2. The handheld physiological monitoring device according to claim 1, wherein: the handheld physiological monitoring device further comprises an input unit electrically connected with the control unit, and the input unit is suitable for the user to operate so as to generate the trigger signal.

3. The handheld physiological monitoring device according to claim 2, wherein: the holding part comprises a curved surface positioned above and a second opening formed by the curved surface, the curved surface is suitable for being attached to the palm, and the second temperature sensor is a sensing element used for measuring body temperature and converting the body temperature into an electric signal and is arranged close to the second opening.

4. The handheld physiological monitoring device according to claim 3, wherein: the shell further comprises a base portion extending from the lower portion of the holding portion, the base portion comprises a first opening, and the first temperature sensor and the humidity sensor are arranged adjacent to the first opening, so that when the palm is attached to the curved surface of the holding portion, the palm does not shield the first opening.

5. The handheld physiological monitoring device according to claim 4, wherein: the base portion further comprises a bottom surface and a third opening formed in the bottom surface, the input unit is an input key arranged on the bottom surface, and the display unit is a screen arranged in the third opening.

6. The handheld physiological monitoring device according to claim 5, wherein: the handheld physiological monitoring device further comprises a photoplethysmographic sensor electrically connected with the control unit and arranged adjacent to the second opening, when the palm of the user holds the handheld part, and the control unit receives the trigger signal from the input unit, the control unit controls the photoplethysmographic sensor to emit red incident light and infrared incident light to the palm, and receives two corresponding reflected lights to generate a first photoplethysmographic signal and a second photoplethysmographic signal, or further controls the photoplethysmographic sensor to emit green incident light to the palm, and receives the corresponding reflected lights to generate a third photoplethysmographic signal, the control unit calculates the heart rate, blood pressure and blood oxygen concentration of the user according to the first photoplethysmographic signal and the second photoplethysmographic signal, or calculates the blood oxygen concentration of the user according to the first photoplethysmographic signal and the second photoplethysmographic signal, and calculates the blood oxygen concentration of the user according to the first photoplethysmographic signal and the second photoplethysmographic signal The third photoplethysmographic signal calculates the heart rate and the blood pressure.
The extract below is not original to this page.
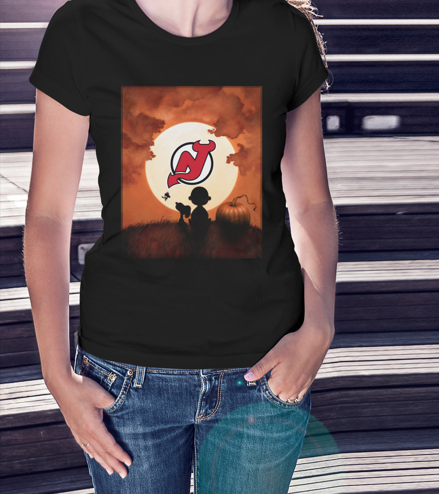 New Jersey Devils Halloween Moon Pumpkin Scene T-Shirt
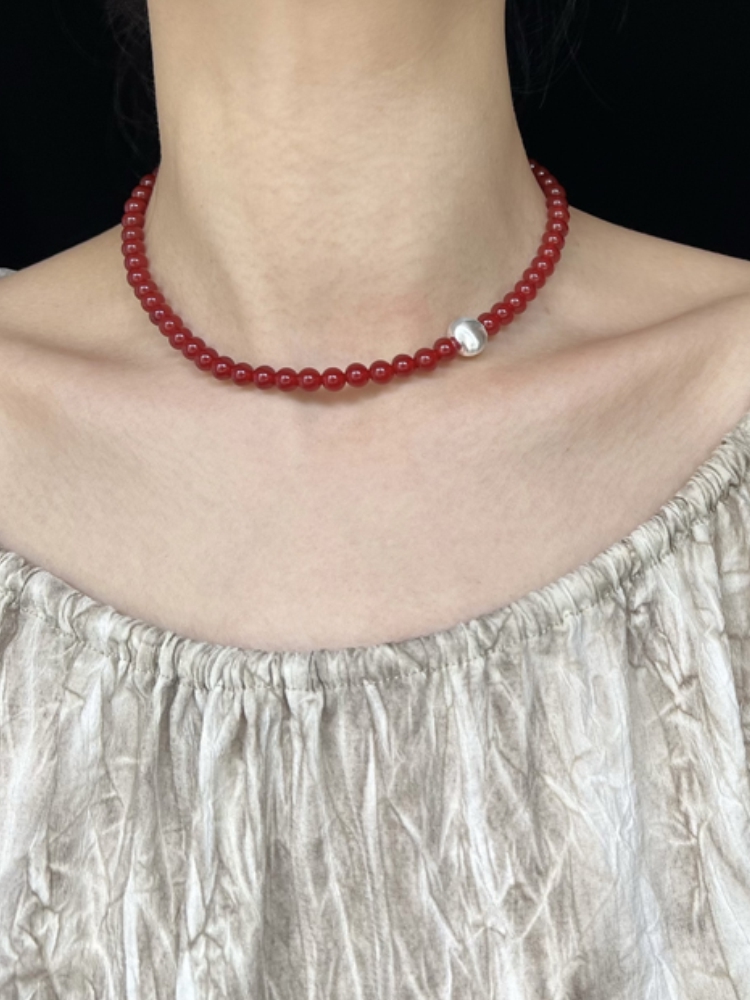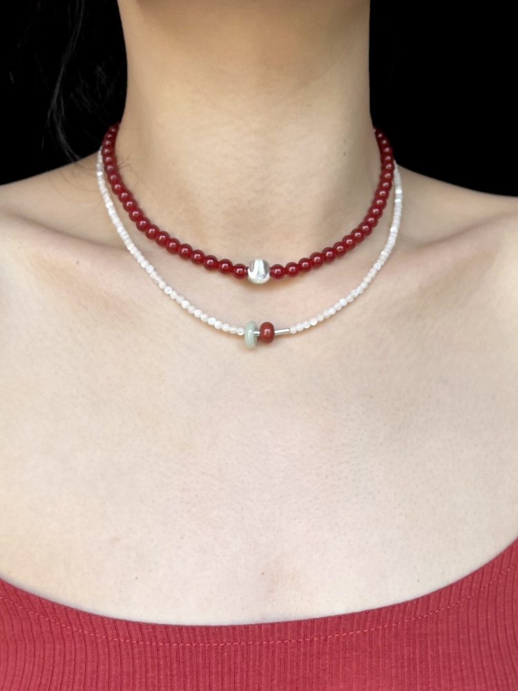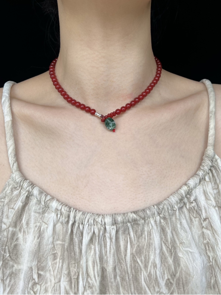LYUMIN原创新中式红玛瑙拼接绿色石极简古典风925银串珠手链项链

7. The handheld physiological monitoring device according to claim 6, wherein: the handheld physiological monitoring device further comprises a communication unit electrically connected with the control unit, the communication unit supports a wireless communication transmission technology, and the control unit transmits the estimated body temperature, the heart rate, the blood pressure and the blood oxygen concentration to the electronic device of the user through the communication unit after acquiring the estimated body temperature.

8. The grip-type physiological monitoring device of claim 1, wherein: the neural network-like model is a supervised machine learning model and is trained in advance by the known and respectively corresponding palm temperature, the environment humidity and a plurality of actual body temperatures.